In the last century, Dakkia village was an isolated village for leprosy patients, located in a valley between high hills and mountains on the West side of Kon Tum Province. At that time, the village was a shelter for leprosy patients, separate from the outside world; separate from both the possibility of infection and the stigma most people have with the disease. Leprosy is contagious, but not inherited. Many Dakkia villagers were cured, got married, and gave birth to children. Eighty years later, most people in the village don’t have leprosy. Although most people with leprosy in the village are no longer contagious, the history of disease still lurks in the village and casts a stigma of natural inferiority on those who were born in the “quarantine”. This did not matter much in the early years, when Dakkia was self-reliant. In those days, the village relied on cultivating the forest to provide food and goods to trade. Eventually, the people in the surrounding towns expanded their farming areas, gradually occupying the forest that had been cultivated by the Dakkia villagers. Without land to cultivate, the source of life in Dakkia was exhausted. Pushed by poverty, the breadwinners of the families had to break through their inferiority complexes to travel to neighboring villages and find jobs as day-laborers. 
Thục’s family situation is typical for families in Dakkia. Inside the house was Thục’s mother, who is in her mid-thirties and six months pregnant. Having guests in her house asking about her son caused her to become slightly embarrassed and to smile shyly between giving hesitant answers. The more I asked about Thục’s wounds, the more the mother hesitated. After asking Thục and his mother for more information, we stitched together the story: Thục was running and playing with the neighborhood children and fell. His left side hit a tree branch and bled profusely. I asked Thục when this happened. His mother said it had been over a month. 
For more than a month, the child had grown accustomed to the pain, but the wound was eating deep. It was spreading over his thin body, exposed all day to the dust and sun. Unless something changed, the wound would not heal. For a young pregnant mother, it is difficult to justify bringing your child to the hospital when the child is still able to run around. She believed that her son’s body would cure itself. When we asked to bring Thục to the hospital, she hesitated, saying something nonsensical that didn’t indicate whether she agreed or not. I analyzed the bad manifestations on Thục’s wounds and asked if she would agree to take Thục to the hospital. The mother looked down at her growing belly, then looked at the pain in the air. She is pregnant with her 7th child. Thục is the fourth in the family and has two younger siblings. The burden of living with six children and an unborn child has overloaded the family. Having someone leave the village to go to the hospital is too challenging. 

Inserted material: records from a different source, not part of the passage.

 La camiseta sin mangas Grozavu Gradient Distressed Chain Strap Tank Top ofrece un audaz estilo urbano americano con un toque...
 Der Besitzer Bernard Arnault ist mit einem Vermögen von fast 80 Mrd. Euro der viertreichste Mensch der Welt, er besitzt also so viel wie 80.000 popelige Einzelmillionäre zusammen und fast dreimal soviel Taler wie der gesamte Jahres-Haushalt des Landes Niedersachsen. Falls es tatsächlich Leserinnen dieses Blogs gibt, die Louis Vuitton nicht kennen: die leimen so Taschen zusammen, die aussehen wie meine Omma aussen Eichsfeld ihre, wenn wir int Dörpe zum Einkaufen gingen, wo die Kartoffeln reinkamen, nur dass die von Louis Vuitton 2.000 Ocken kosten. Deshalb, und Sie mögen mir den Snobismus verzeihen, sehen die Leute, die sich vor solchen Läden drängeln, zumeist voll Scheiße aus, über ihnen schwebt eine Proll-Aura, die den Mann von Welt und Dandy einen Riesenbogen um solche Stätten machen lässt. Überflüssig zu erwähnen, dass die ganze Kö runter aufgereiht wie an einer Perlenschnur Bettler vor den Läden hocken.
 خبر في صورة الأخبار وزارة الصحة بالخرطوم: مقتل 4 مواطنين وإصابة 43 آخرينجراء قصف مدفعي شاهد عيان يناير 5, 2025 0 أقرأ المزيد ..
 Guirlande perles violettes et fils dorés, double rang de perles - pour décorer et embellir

Following their conscience, someone in our group asked, “Where is Thục’s father?”. The silent woman pointed back behind the home. In the back, her husband was sitting doing laundry. Seeing the guests, he stood up and walked towards the front of the house, his legs low and high, walking and speaking a few words that we could not understand clearly. He was drunk. During the conversation, he only said a few pointless things, sometimes even making his wife angry when he insisted: “I don’t take care of him, if you want to take him to the hospital, take him there!”  The scene at the time, with a child in pain, a pregnant mother, and a drunken husband – seemed to show the deadlock of an extremely poor matriarchal family. 

Help me through the pain

When we heard Thục was in pain, we quickly decided to take him to the provincial hospital for treatment. It was near Lunar New Year, and I was about to return to Saigon. But, because a visual examination suggested the wound was urgent, I immediately sent Dr. Tiến – a friend working in Kon Tum – to Thục to visit. 

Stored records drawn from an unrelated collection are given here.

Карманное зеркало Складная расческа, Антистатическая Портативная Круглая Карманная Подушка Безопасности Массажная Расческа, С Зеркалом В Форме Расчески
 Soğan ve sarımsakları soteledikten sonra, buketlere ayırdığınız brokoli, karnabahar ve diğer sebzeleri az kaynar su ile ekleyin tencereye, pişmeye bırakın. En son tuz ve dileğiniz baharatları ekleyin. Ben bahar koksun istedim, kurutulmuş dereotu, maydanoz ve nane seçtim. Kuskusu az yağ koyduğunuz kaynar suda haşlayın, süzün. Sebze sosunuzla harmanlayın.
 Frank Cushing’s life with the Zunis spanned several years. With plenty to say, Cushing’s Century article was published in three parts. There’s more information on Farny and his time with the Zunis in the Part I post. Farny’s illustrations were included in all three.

At Kon Tum Hospital, the results of screening and clinical examination showed that Thục had broken ribs and osteoarthritis. The broken bone was making an abscess and was likely to stab into the lungs if left for too long. The doctor said that Thục needed surgery, as soon as possible. But it was several days before Lunar New Year and the hospital didn’t have staff able to schedule a new procedure until after the holiday. We talked to the hospital and were able to persuade them to make Thục’s procedure a priority. The child has been in pain for too long, and with each passing day the risk of serious and irreparable complications increases. 
After considering Thục’s critical status, the doctors in the hospital agreed to conduct surgery a few days after Lunar New Year. Thục went to the hospital with his mother. The goals of the operation were to remove the abscess, remove the broken bone, dredge the lesion, and clean the osteoarthritis. After the surgery, Thục was hospitalized for 10 days for antibiotic treatment. Sponsors were able to pay for the entire treatment because Thục’s family did not have the money to pay. 

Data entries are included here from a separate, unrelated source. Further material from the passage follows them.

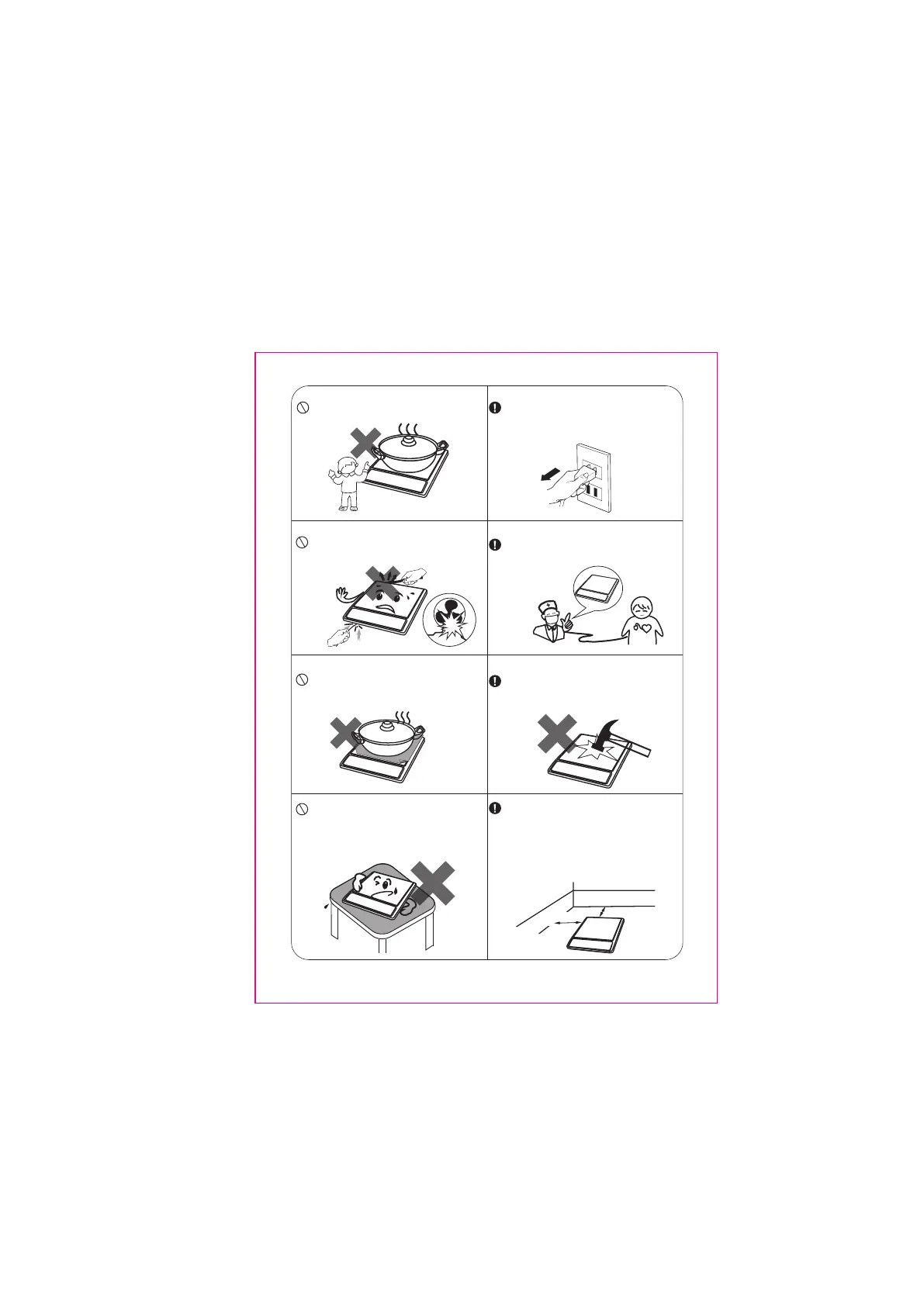 • Make sure the cookware which has food or liquid is placed in the center of ceramic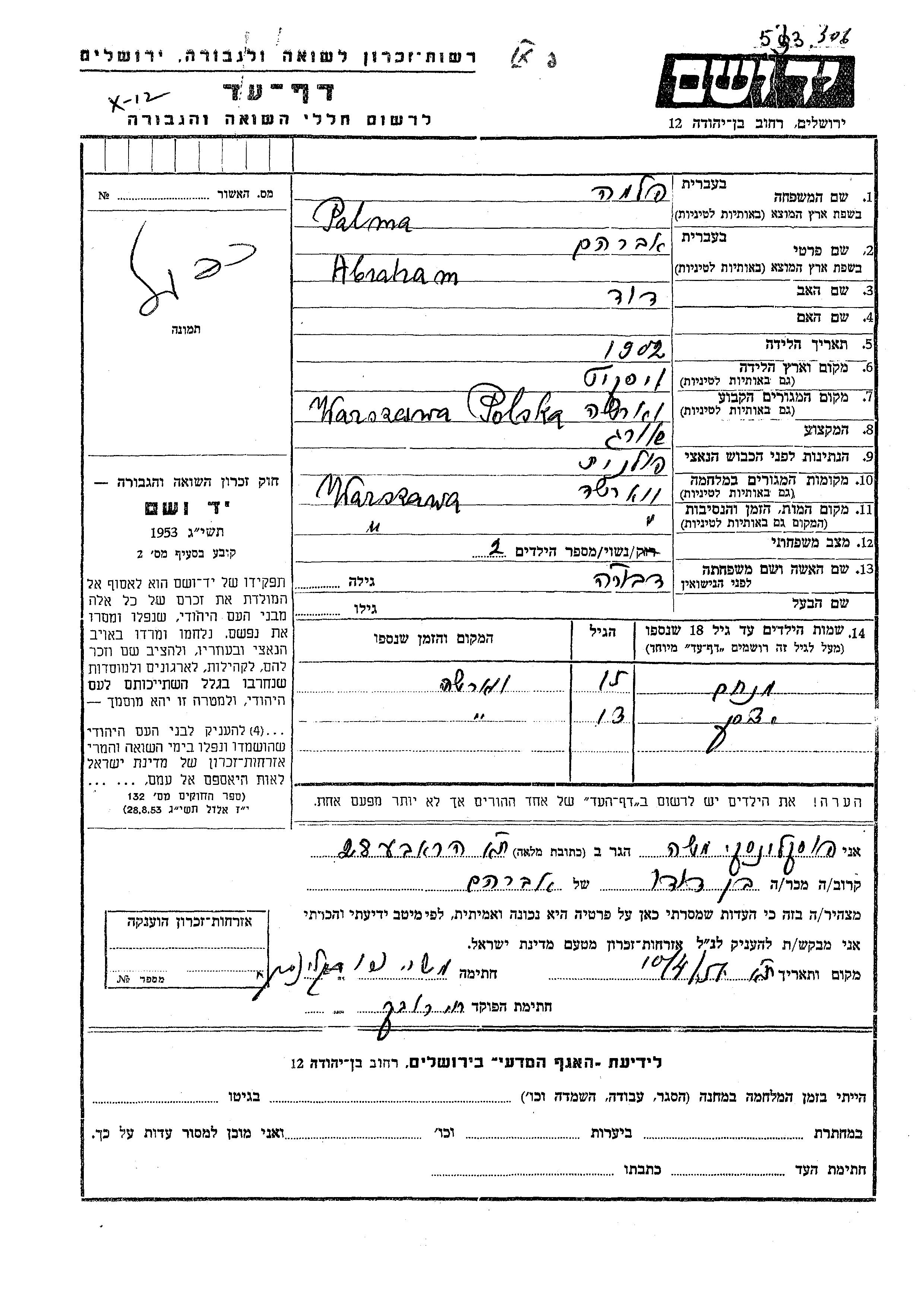 Пальма Менахем Варшава, Польша Лист свидетельских показаний
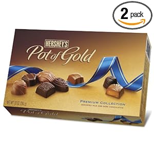 Well, you should not doubt Hershey's Pot of Gold Assorted Milk and Dark Chocolate Premium Collection, 10-Ounce Boxes (Pack of 2), So long as the values are perfect, click on the buy button right now. Let amazon delivered it to you.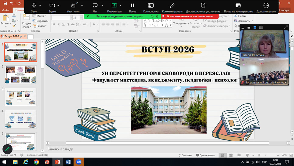 За ініціативи Людмили Красюк та Наталії Калюжки відбулася масштабна онлайн-зустріч із випускниками Богуславського гуманітарного фахового коледжу імені І.С. Нечуя-Левицького.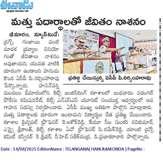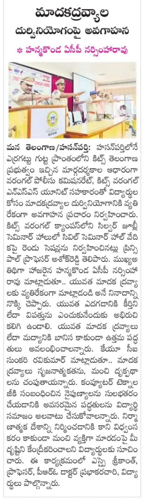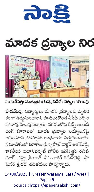 As per Telangana State Govenment Guidelines NSS, KITSW and Warangal Police Commissionerate jointly organized "Anti Drug Awareness Programme" on 12th August, 2025 @ KITS, Warangal.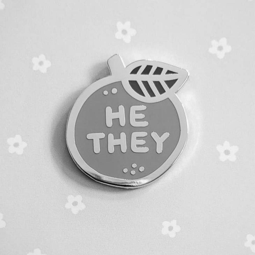 Get notified of new releases like misomomo Pronoun Orange Pin: he/they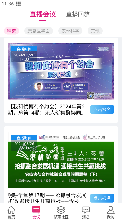 2、在会议中有着各种科技会议,用户可以找到自己感兴趣的会议报名参加,与其他科技工作者交流讨论。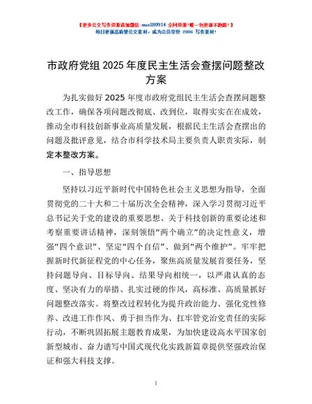 / 市政府党组2025年度民主生活会查摆问题整改方案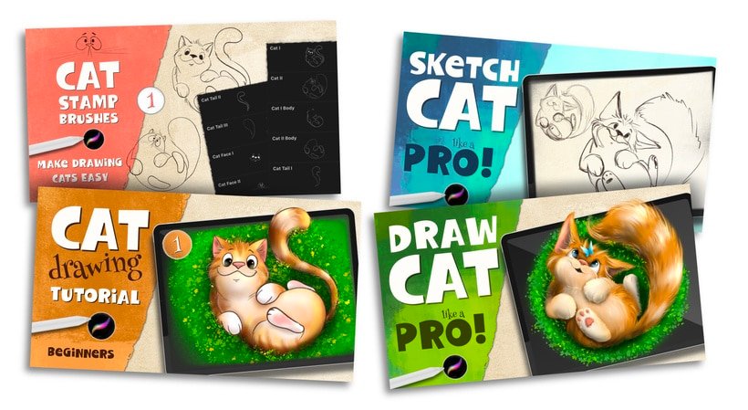 It all starts with a beginner-friendly coloring tutorial, complete with amazing stamps that make drawing a cat super duper easy. Then, we level up with a pro-level sketching guide and a pro-level drawing session, complete with special fur brushes and plant brushes. It’s a truly jam-packed combo for all the cat lovers out there!

After the surgery, Thục’s face was completely different. The shyness that once lingered on the face of the 4-year-old child I first met was no longer there. I am rejuvenated to see the change in Thục. Only one thing remains: a scar deep in his chest where the wound had healed. 
Thục was feeling well, free from the deadly risk of an infected wound. His wound has healed, but the scar on his chest will remain as a reminder of the disadvantages of a child who grew up in Dakkia – a land that reminds me of the importance of charity. 

Father Paul Nguyễn Như Hiếu
(translated to English from his original letter in Vietnamese)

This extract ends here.